That makes me think about ways we can then engage with the community. If we are going to treat people in a one-on-one environment for their chronic pain, that’s going to take a long time.

It’s going to take a long time for us to have grade-A evidence, but there are things that we can do to impact lives right now. In preparing for this discussion with you, I was reading an article from Knobel. It’s a 2021 article. In this article, they were referencing a formula that talked about phenotypes and how you present is your genotype, which is your genes plus environment, which we all knew that but then they added in triggers, and then they also added in chance.

I was thinking about that and how any of the isms, be it racism, sexism, and homophobia, increase your risk for triggers. They increase your risk for higher chances of trauma and how all of that impacts your phenotype. It decreases your odds of being well. I was like, “Could we have this conversation around isms from that light? Would people be more open to that?” instead of when we start talking about isms, they poo-poo, “Is that your feelings?”

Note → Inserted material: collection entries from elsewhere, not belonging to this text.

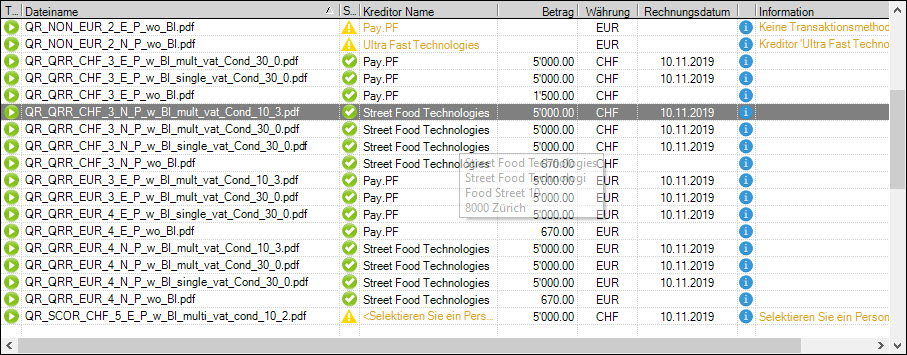 mit einer fehlenden Information "gelb" ausgewiesen werden. Rechnungen die weder über eine Referenzzeile noch einen QR Code verfügen, werden mit einem "Error" Icon im
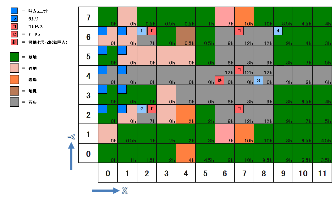 | 座標 | キャラ | パラメータ | 装備 | アビリティ | Wep.Power | AT | C-EV | S-EV | A-EV | ||
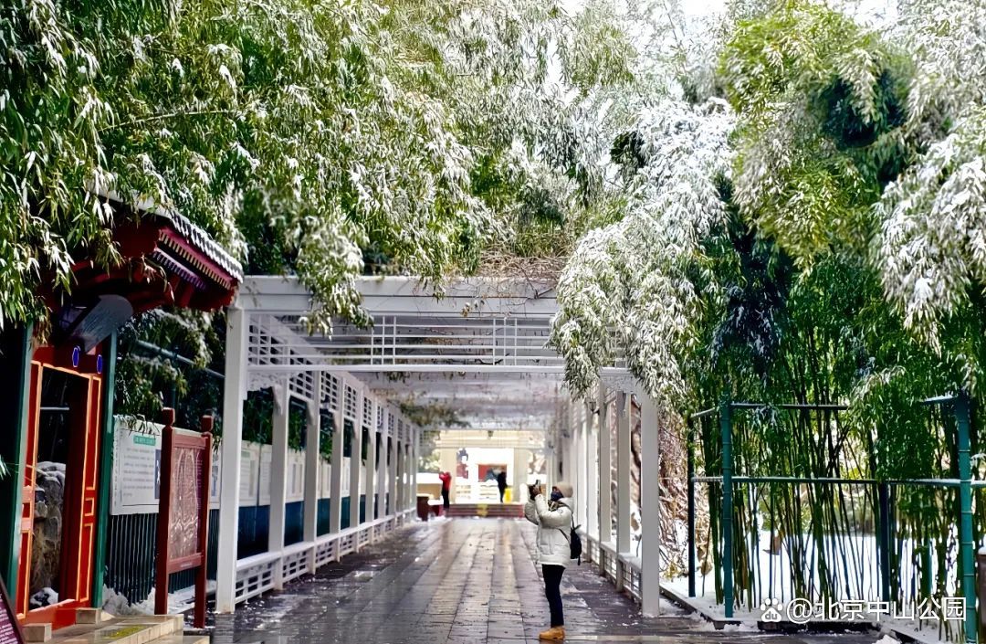 漫天飞雪与园内建筑相互映衬,素色如锦,岁月从容。

Everything the body responds to is about feelings. If it’s too cold outside, that’s a sensory response. That’s a feeling component to that as well, but it’s fascinating to me how some things are okay and aligns with someone’s reasons and other things that they are like, “No. That can’t be possible.” To me, that’s where people have to be willing to do their work and challenge their biases. As healthcare providers, if I’m not willing to recognize someone’s perceptions, I’m not willing to provide individualized care.

HPP Lisa VanHoose | White Body Supremacy
Healthcare providers must be willing to recognize someone’s perceptions. Otherwise, they are not willing to provide them with individualized care.

 

It’s not person-centered care at that point. Not recognizing your own biases and not recognizing that person’s experience or lived experience, then, in some ways, you are discounting a potential vulnerability that they may have been exposed to in their life, which is informing their current pain experience.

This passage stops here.